[TASK INSTRUCTIONS]: Reproduce exactly the lines of the material beneath, from the line that contains "为帮助我校学生有效应对高等学" to the line that contains "直徑由25毫米調(diào)", both included, and no other lines.

[SUPPLIED MATERIAL]:
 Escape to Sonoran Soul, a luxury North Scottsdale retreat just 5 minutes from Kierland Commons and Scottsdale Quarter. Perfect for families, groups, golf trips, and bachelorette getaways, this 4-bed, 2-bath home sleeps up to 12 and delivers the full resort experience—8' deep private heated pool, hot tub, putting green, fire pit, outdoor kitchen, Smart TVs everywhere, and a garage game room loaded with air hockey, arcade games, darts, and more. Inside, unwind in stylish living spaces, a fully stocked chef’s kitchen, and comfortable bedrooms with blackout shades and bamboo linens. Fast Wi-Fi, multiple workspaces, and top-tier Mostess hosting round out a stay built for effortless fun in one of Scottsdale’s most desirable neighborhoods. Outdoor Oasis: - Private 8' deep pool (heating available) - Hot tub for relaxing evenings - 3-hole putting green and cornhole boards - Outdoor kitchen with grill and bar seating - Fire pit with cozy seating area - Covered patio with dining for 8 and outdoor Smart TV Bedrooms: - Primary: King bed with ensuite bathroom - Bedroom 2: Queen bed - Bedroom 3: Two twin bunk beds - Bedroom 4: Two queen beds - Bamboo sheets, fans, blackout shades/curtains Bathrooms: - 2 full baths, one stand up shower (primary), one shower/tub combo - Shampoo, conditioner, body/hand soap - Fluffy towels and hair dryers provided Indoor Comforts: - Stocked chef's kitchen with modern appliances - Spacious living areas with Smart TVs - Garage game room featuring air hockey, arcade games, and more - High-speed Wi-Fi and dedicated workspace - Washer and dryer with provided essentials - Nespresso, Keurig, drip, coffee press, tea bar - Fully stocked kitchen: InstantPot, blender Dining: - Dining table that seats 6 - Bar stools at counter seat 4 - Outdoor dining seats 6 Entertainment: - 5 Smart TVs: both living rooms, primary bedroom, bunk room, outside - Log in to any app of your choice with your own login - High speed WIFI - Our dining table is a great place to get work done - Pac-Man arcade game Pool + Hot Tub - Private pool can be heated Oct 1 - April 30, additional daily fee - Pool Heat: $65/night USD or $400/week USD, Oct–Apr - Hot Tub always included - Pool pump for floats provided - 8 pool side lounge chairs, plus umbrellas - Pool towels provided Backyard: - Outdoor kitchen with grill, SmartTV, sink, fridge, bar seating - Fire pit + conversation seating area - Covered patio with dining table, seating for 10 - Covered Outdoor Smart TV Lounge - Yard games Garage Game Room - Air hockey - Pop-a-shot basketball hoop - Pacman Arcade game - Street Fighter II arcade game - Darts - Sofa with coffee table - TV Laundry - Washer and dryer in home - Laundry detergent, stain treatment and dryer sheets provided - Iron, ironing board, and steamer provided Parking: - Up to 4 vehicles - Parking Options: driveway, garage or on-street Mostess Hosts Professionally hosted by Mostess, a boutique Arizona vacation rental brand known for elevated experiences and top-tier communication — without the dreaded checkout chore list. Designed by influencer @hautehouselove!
==
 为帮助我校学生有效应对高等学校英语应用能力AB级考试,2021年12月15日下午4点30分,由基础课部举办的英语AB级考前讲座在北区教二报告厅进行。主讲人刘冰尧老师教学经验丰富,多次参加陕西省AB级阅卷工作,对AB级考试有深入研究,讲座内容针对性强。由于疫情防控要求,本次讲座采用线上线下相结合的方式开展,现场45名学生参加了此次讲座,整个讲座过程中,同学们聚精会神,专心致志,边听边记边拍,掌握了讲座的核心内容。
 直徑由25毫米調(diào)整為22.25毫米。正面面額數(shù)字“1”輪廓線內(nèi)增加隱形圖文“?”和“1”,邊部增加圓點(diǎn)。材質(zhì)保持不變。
---
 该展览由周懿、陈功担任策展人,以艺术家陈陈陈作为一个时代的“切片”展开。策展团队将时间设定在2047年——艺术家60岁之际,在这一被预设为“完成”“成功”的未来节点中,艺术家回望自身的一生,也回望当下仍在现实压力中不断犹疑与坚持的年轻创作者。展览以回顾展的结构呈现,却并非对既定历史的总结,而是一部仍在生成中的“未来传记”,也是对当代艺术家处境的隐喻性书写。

[OUTPUT BELOW]:
 为帮助我校学生有效应对高等学校英语应用能力AB级考试,2021年12月15日下午4点30分,由基础课部举办的英语AB级考前讲座在北区教二报告厅进行。主讲人刘冰尧老师教学经验丰富,多次参加陕西省AB级阅卷工作,对AB级考试有深入研究,讲座内容针对性强。由于疫情防控要求,本次讲座采用线上线下相结合的方式开展,现场45名学生参加了此次讲座,整个讲座过程中,同学们聚精会神,专心致志,边听边记边拍,掌握了讲座的核心内容。
 直徑由25毫米調(diào)整為22.25毫米。正面面額數(shù)字“1”輪廓線內(nèi)增加隱形圖文“?”和“1”,邊部增加圓點(diǎn)。材質(zhì)保持不變。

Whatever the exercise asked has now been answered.